| Exercise description |
Since the records include pictures, leave those out while you reproduce exactly and only the lines from the one containing "静岡市は沿岸部に産業拠点や観" through the one containing "Genel Müdürü Bekir", inclusive.

| Record excerpts |
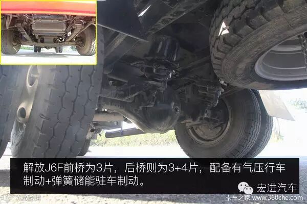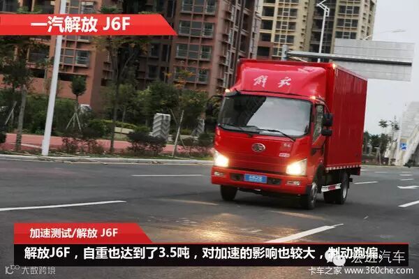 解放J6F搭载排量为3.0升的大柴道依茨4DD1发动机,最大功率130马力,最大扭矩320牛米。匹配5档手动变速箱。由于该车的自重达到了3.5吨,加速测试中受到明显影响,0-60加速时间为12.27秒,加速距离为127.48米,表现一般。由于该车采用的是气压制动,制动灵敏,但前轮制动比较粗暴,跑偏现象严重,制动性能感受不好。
---
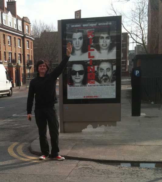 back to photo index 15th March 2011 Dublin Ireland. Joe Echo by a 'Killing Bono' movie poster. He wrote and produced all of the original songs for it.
* * *
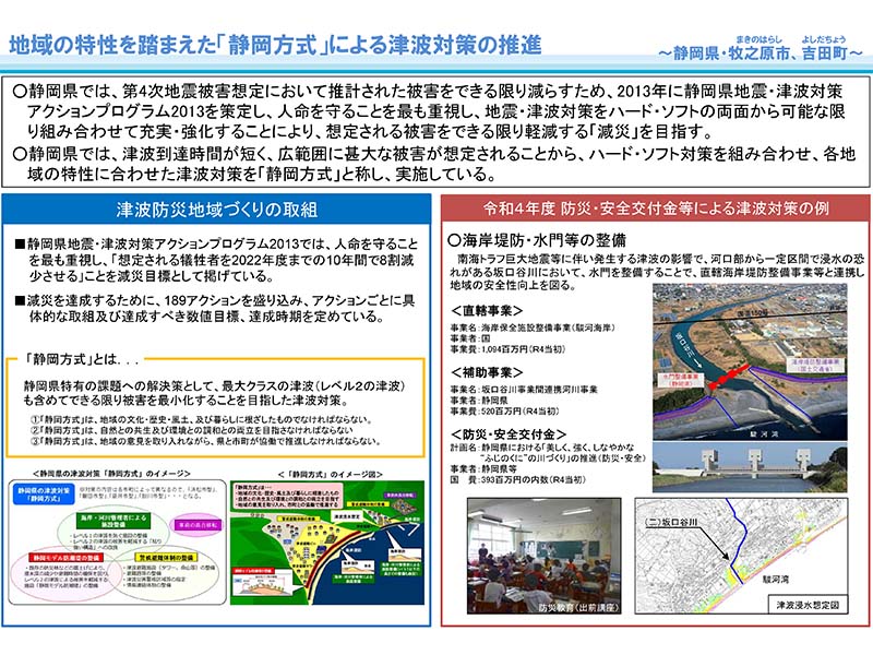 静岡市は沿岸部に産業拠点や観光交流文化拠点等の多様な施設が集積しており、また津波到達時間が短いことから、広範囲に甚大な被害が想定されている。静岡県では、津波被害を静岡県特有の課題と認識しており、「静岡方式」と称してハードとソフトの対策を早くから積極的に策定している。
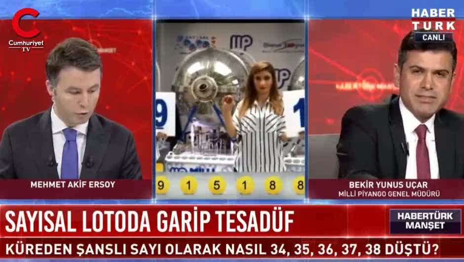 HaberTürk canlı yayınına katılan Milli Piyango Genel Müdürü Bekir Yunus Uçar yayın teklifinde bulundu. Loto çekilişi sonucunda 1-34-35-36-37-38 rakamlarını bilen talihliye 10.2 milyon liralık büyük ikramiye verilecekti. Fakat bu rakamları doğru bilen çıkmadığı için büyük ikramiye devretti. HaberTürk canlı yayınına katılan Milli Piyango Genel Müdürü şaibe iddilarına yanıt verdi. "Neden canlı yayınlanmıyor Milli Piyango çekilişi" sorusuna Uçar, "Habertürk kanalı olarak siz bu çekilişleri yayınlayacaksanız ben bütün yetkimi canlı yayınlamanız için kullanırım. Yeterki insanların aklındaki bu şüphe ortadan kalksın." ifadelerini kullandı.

| Exercise solution |
 静岡市は沿岸部に産業拠点や観光交流文化拠点等の多様な施設が集積しており、また津波到達時間が短いことから、広範囲に甚大な被害が想定されている。静岡県では、津波被害を静岡県特有の課題と認識しており、「静岡方式」と称してハードとソフトの対策を早くから積極的に策定している。
 HaberTürk canlı yayınına katılan Milli Piyango Genel Müdürü Bekir Yunus Uçar yayın teklifinde bulundu. Loto çekilişi sonucunda 1-34-35-36-37-38 rakamlarını bilen talihliye 10.2 milyon liralık büyük ikramiye verilecekti. Fakat bu rakamları doğru bilen çıkmadığı için büyük ikramiye devretti. HaberTürk canlı yayınına katılan Milli Piyango Genel Müdürü şaibe iddilarına yanıt verdi. "Neden canlı yayınlanmıyor Milli Piyango çekilişi" sorusuna Uçar, "Habertürk kanalı olarak siz bu çekilişleri yayınlayacaksanız ben bütün yetkimi canlı yayınlamanız için kullanırım. Yeterki insanların aklındaki bu şüphe ortadan kalksın." ifadelerini kullandı.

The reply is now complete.